§ Action item
Word for word, give the records again, dropping any picture they hold.

Start of Materials provided

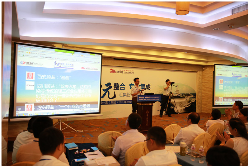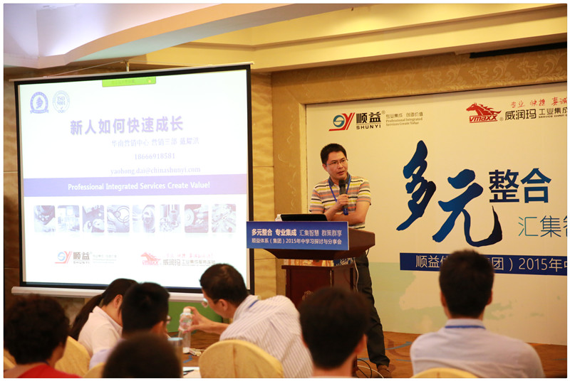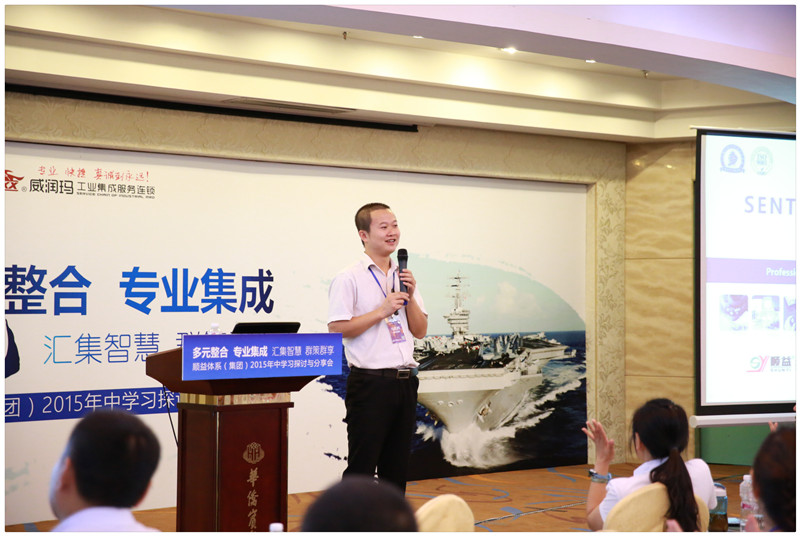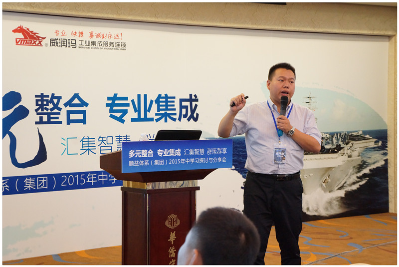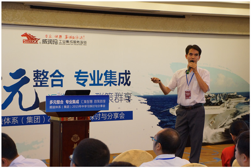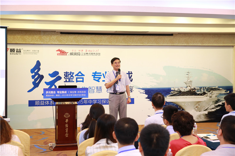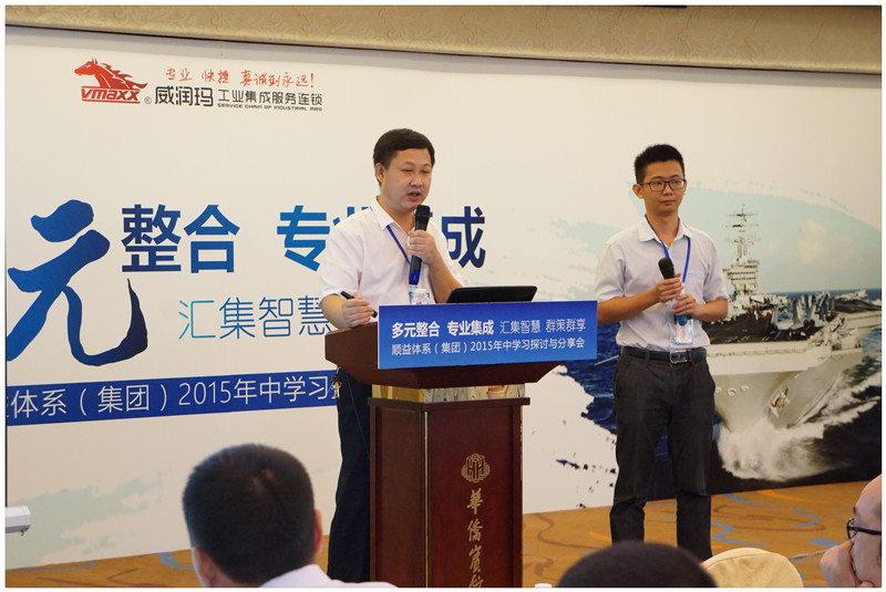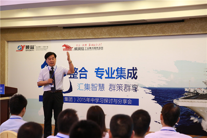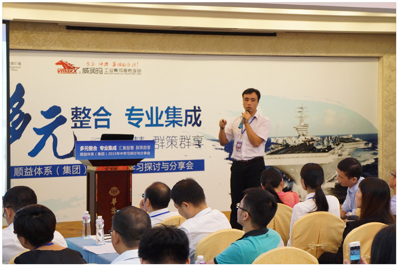 2015年7月25日,為了進一步推動專業(yè)集成與資源整合,順益體系(集團)“多元整合 專業(yè)集成 匯集智慧 群策群享”工業(yè)集成學習交流會暨2015年中學習探討與分享會在珠海華僑賓館華麗宮會議廳召開。順益體系(集團)總裁張建新、學府咨詢(國際)集團有限公司首席專家董事長、TnPM管理體系創(chuàng)始人、國際知名設備管理專家李葆文教授等出席了會議。順益體系(集團)經(jīng)銷商、威潤瑪加盟商、及全國40家分公司及辦事處的員工代表等200余人參加了此次會議,另場外分公司及辦事處同事同步使用視頻會議系統(tǒng)和運用微信墻進行了場外提問。
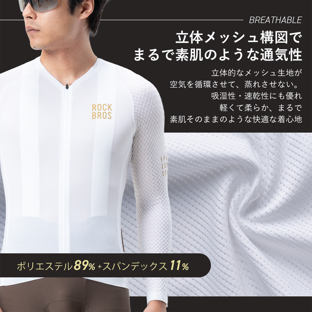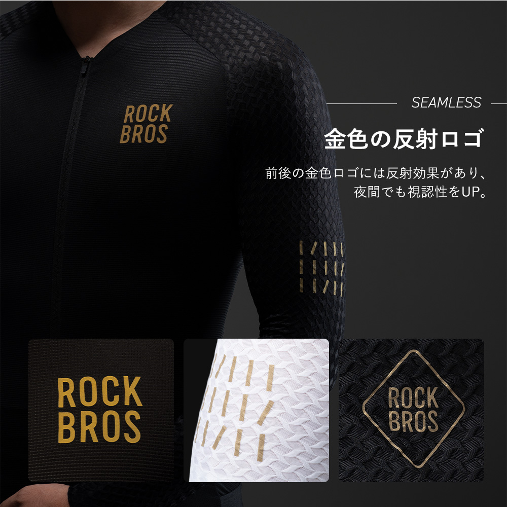 サイクルジャージ 長袖 軽量 サイクリングシャツ 吸湿 速乾 柔らかい 快適 立体構造 反射ロゴ YKK 自転車 ロードバイク クロスバイク MTB ウェア ロックブロス
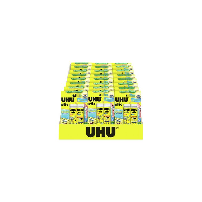 UHU Bâton de colle stic Bob l'éponge, 2 x 21 g, présentoir bâton de colle aux motifs Bob l'éponge, sans solvant, capuchon à vis, facilement lavable, 98% de composants d'origine naturelle contenu: 24 cartes blister de 2 bâtons de 21 g (7008666/9000625)
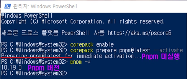 pnpm 설치·실행은 Windows powershell 관리자 모드에서 실행해요.
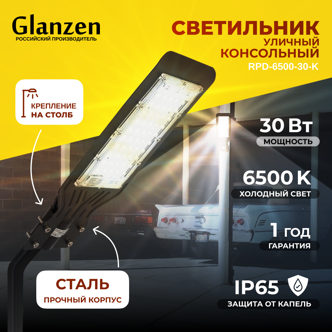 Купить Светодиодный уличный консольный светильник GLANZEN 30W RPD-6500-30-k 6500K IP65
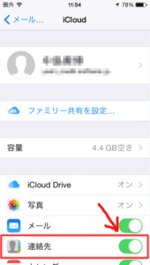 このページの「連絡先を移行する」をみて、連絡先を引っ越す。まずは現在のiPhoneの状態。 「設定」から「メール/連絡先/カレンダー」へ移動すると、アカウントの先頭にはicloudが表示されている。 デフォルトアカウントはicloudのようなので、それをクリックすると、icloudへの同期設定が出てくる。 ここで連絡先の同期を確認するがすでに同期となっているので、どうやらicloudには連絡先はアップされているようだ。
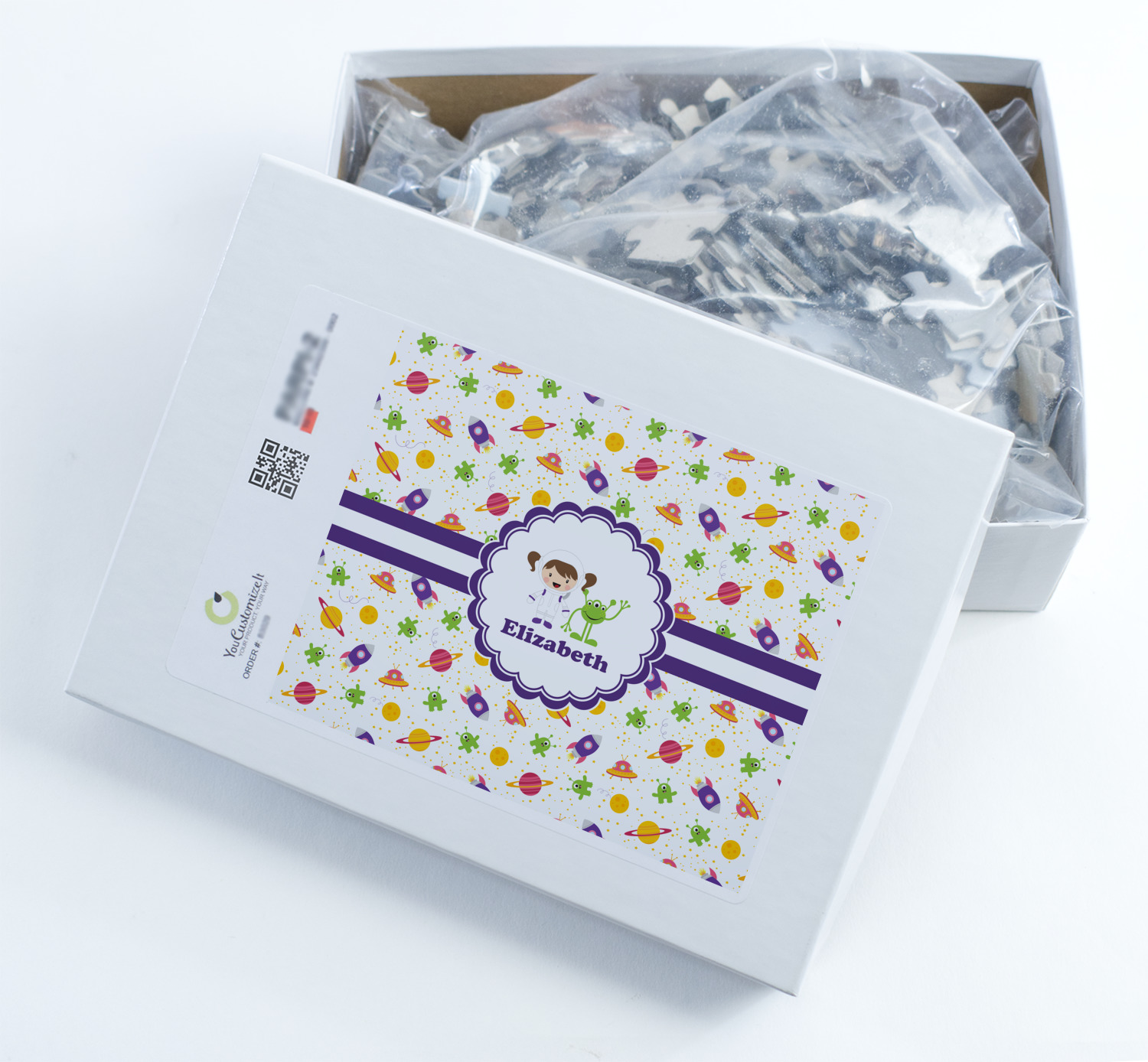 You can also upload your logo or art that you or your kids drew. To create more challenging jigsaw puzzles, you can create a pattern from with your logo or artwork. You can also add other elements such as text or personalization.
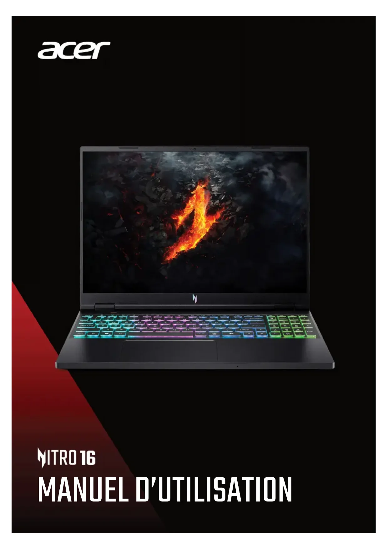 © 2024. Tous droits réservés. Nitro 16 Couvre : AN16-73 / AN16-43 Cette révision : 04/2024 Important Ce manuel contient des informations propriétaires qui sont protégées par les lois sur le copyright. Les informations contenues dans ce manuel peuvent être modifiées sans préavis. Certaines fonctionnalités décrites dans ce manuel peuvent ne pas être prises en charge en fonction de la version du système d’exploitation. Les images fournies ici sont pour référence seulement et peuvent contenir des informations ou des fonctionnalités qui ne s’appliquent pas à votre ordinateur. Le Groupe Acer ne peut être tenu responsable des erreurs ou omissions techniques ou éditoriales contenues dans ce manuel. Numéro de modèle : ___________________________________ Numéro de série : _____________________________________ Date d’achat : __________________________________________ Lieu d’achat : ___________________________________________ Les termes HDMI et High-Definition Multimedia Interface ainsi que le logo HDMI sont des marques commerciales ou des marques déposées de HDMI Licensing Administrator, Inc. aux États-Unis et dans d’autres pays.Table des matières - 3
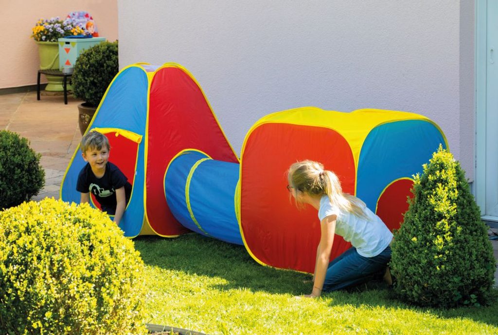 Set stanů 3 v 1 obsahuje: Krychlový stan 80x80x80 cm, POP UP stan 85x85x100 cm, tunel 46x120 cm.

End of Materials provided

§ Your solution
 2015年7月25日,為了進一步推動專業(yè)集成與資源整合,順益體系(集團)“多元整合 專業(yè)集成 匯集智慧 群策群享”工業(yè)集成學習交流會暨2015年中學習探討與分享會在珠海華僑賓館華麗宮會議廳召開。順益體系(集團)總裁張建新、學府咨詢(國際)集團有限公司首席專家董事長、TnPM管理體系創(chuàng)始人、國際知名設備管理專家李葆文教授等出席了會議。順益體系(集團)經(jīng)銷商、威潤瑪加盟商、及全國40家分公司及辦事處的員工代表等200余人參加了此次會議,另場外分公司及辦事處同事同步使用視頻會議系統(tǒng)和運用微信墻進行了場外提問。
 サイクルジャージ 長袖 軽量 サイクリングシャツ 吸湿 速乾 柔らかい 快適 立体構造 反射ロゴ YKK 自転車 ロードバイク クロスバイク MTB ウェア ロックブロス
 UHU Bâton de colle stic Bob l'éponge, 2 x 21 g, présentoir bâton de colle aux motifs Bob l'éponge, sans solvant, capuchon à vis, facilement lavable, 98% de composants d'origine naturelle contenu: 24 cartes blister de 2 bâtons de 21 g (7008666/9000625)
 pnpm 설치·실행은 Windows powershell 관리자 모드에서 실행해요.
 Купить Светодиодный уличный консольный светильник GLANZEN 30W RPD-6500-30-k 6500K IP65
 このページの「連絡先を移行する」をみて、連絡先を引っ越す。まずは現在のiPhoneの状態。 「設定」から「メール/連絡先/カレンダー」へ移動すると、アカウントの先頭にはicloudが表示されている。 デフォルトアカウントはicloudのようなので、それをクリックすると、icloudへの同期設定が出てくる。 ここで連絡先の同期を確認するがすでに同期となっているので、どうやらicloudには連絡先はアップされているようだ。
 You can also upload your logo or art that you or your kids drew. To create more challenging jigsaw puzzles, you can create a pattern from with your logo or artwork. You can also add other elements such as text or personalization.
 © 2024. Tous droits réservés. Nitro 16 Couvre : AN16-73 / AN16-43 Cette révision : 04/2024 Important Ce manuel contient des informations propriétaires qui sont protégées par les lois sur le copyright. Les informations contenues dans ce manuel peuvent être modifiées sans préavis. Certaines fonctionnalités décrites dans ce manuel peuvent ne pas être prises en charge en fonction de la version du système d’exploitation. Les images fournies ici sont pour référence seulement et peuvent contenir des informations ou des fonctionnalités qui ne s’appliquent pas à votre ordinateur. Le Groupe Acer ne peut être tenu responsable des erreurs ou omissions techniques ou éditoriales contenues dans ce manuel. Numéro de modèle : ___________________________________ Numéro de série : _____________________________________ Date d’achat : __________________________________________ Lieu d’achat : ___________________________________________ Les termes HDMI et High-Definition Multimedia Interface ainsi que le logo HDMI sont des marques commerciales ou des marques déposées de HDMI Licensing Administrator, Inc. aux États-Unis et dans d’autres pays.Table des matières - 3
 Set stanů 3 v 1 obsahuje: Krychlový stan 80x80x80 cm, POP UP stan 85x85x100 cm, tunel 46x120 cm.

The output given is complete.